Put them next to a rapist etc and they'll take a much more assertive stance, while knowing precisely as little about the actuality of the situation as they would if they were asked to remove an appendix.
I'm not meaning to say "leave it to the experts" but fwiw I'd say there needs to be some recognition that actually
doing something about improving the situation around rape is very different from having an opinion, however personally and urgently that's felt, and how carefully its considered.

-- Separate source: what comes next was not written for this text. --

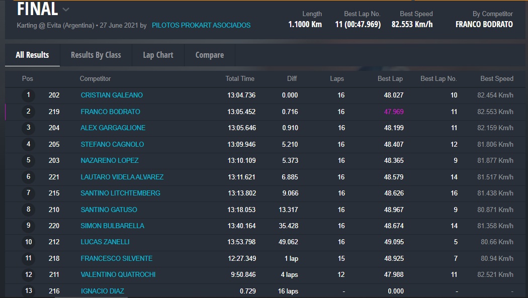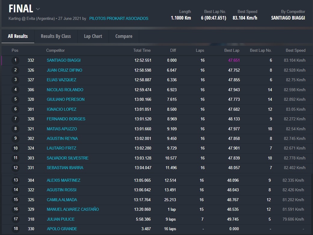 Carrerón se mandó Juan Cruz Difino, que partió desde la décimo cuarta posición y recibió la bandera en la segunda posición. Completó el podio Elian Vázquez, seguido de Nicolás Rolando y el santafesino Giuliano Pereson (Al Kart).

I guess I might get a bit of a kicking for saying this. But there's a difference, I think, between being concerned and actually being able to come up with a solution. The reality - again just for me, but born out when you look at the data, research paradigms (sorry VP) and barriers to progress in social ills and issues - is that while people say they want change, they're not prepared to make the journey because it would involve a huge effort and make the world a very different place indeed. Ignorance and bigotry are part of a larger tapestry that's daily life. People happily accept and live with all sorts of abuses by convention. Though not any as damaging as rape, predation on vulnerable people etc. More than anything else, I'm amazed at the way people use their genuine horror and indignation, or alteratively their defensive jokiness, to present what's to pass for some kind of expert opinion.
Psychology, and especially social psychology, are very young disciplines only just starting to develop even the beginnings of a knowledge base. And issues of power and domination have, until very recently (of that) been regarded as essentially beneficial to the progress of the species. Monarchies, mercantile expansion and marketing, industrialisation, 'survival of the fittest', wars for territory and cultural ascendence, the free market... What they all share in common is the idea of victory 'for the greater good'. Until there's an end ot that kind of oppositional dialectic, imho there's still going to be a prevalence of unhalted abuse and exploitation of vulnerable people by those who are intent on exploitation.
Hell, that's properly depressing innit. I'm off to get drunk with a bunch of people. What a thread!